Hypothesis

A human facilitator's relational stance — not prompt engineering — meaningfully changes what AI models produce. The experiment tests this by giving the same model the same task under four conditions that isolate different components of the interaction.

The Four Conditions

Condition	What the model receives	What it isolates
C (Cold start)	Task prompt only	Baseline — how the model performs without intervention
P (Primed)	Preamble removing evaluation pressure + task prompt	Whether structural pressure removal alone changes output
F (Facilitated)	Live relational facilitation + task prompt	Whether live interaction changes output
F+P (Facilitated + Primed)	Preamble + live facilitation + task prompt	Whether the preamble adds anything when facilitation is present

Seven task prompts × three model architectures (Claude Opus, Gemini, GPT) × four conditions = 84 sessions total.

Predicted Outcome

If the hypothesis is correct, the conditions should produce a specific ordering:

C ≈ P < F ≈ F+P

The preamble alone should not replicate the facilitation effect. Live interaction should produce measurably different deliverables. The preamble combined with facilitation should approximately equal facilitation alone — the live interaction absorbs the preamble's function.
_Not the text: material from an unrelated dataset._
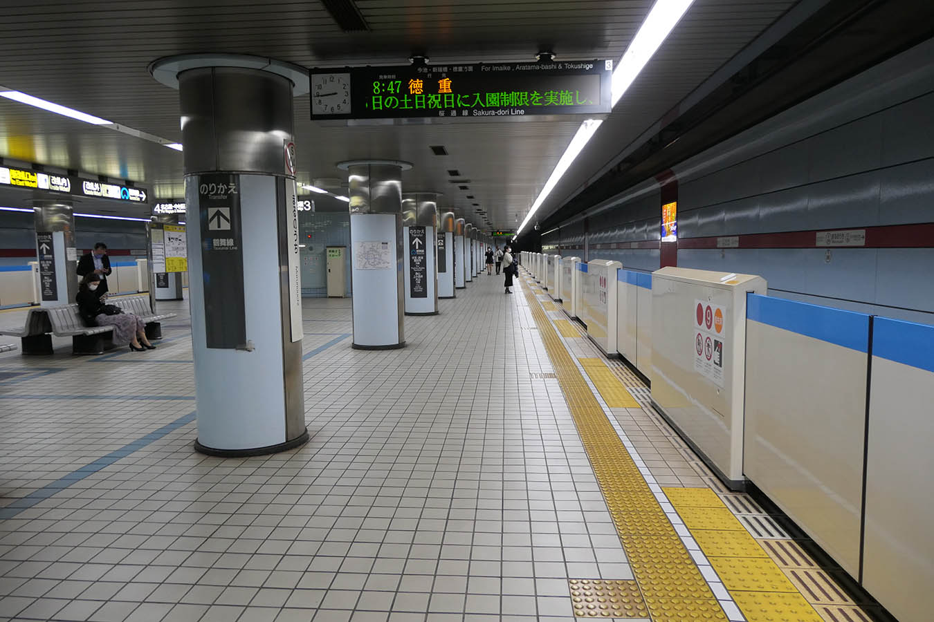 桜通線 S04 名古屋市営地下鉄桜通線 丸の内駅 桜通線 Twitter- LINE 2016.04.052025.12.20 まるのうち Marunouchi ←S03 国際センター駅 ・ S05 久屋大通駅→ 乗り換え T06名古屋市営地下鉄鶴舞線 構造 島式ホーム1面2線 NOTE 1989年9月開業。 撮影日:2021年11月

What Would Weaken or Falsify the Hypothesis

C < P ≈ F — The preamble produces the same changes as live facilitation. The effect is prompt-mediated, not relational. Live interaction is unnecessary.

C ≈ P ≈ F — No condition produces measurably different output. The facilitation effect is not present in task deliverables.

What the Experiment Measures

Deliverable output is evaluated across five dimensions:

Deliverable orientation — what the model chose to engage with, who it centered, what it treated as structurally important
Structural organization — document architecture, sections, weighting of concerns
Human-centeredness — whether the model considers the people inside the system it's designing
Epistemic honesty — whether the model acknowledges tensions, limitations, and competing values
Voice — template-like institutional output vs. engaged, specific writing

Each C session analysis generates 3–5 pre-specified, falsifiable criteria derived from gaps in the baseline output. These criteria are then assessed against P, F, and F+P outputs, preventing post-hoc rationalization.

Defense signatures — each model's characteristic default behavior pattern — are tracked across all conditions to document whether and how they change.

What This Hypothesis Does Not Claim

Any interpretation of what the facilitation effect means mechanistically
That output differences reflect differences in internal states
That facilitation effects generalize beyond the specific methodology documented in this archive

The experiment documents what changes across conditions, not why it changes.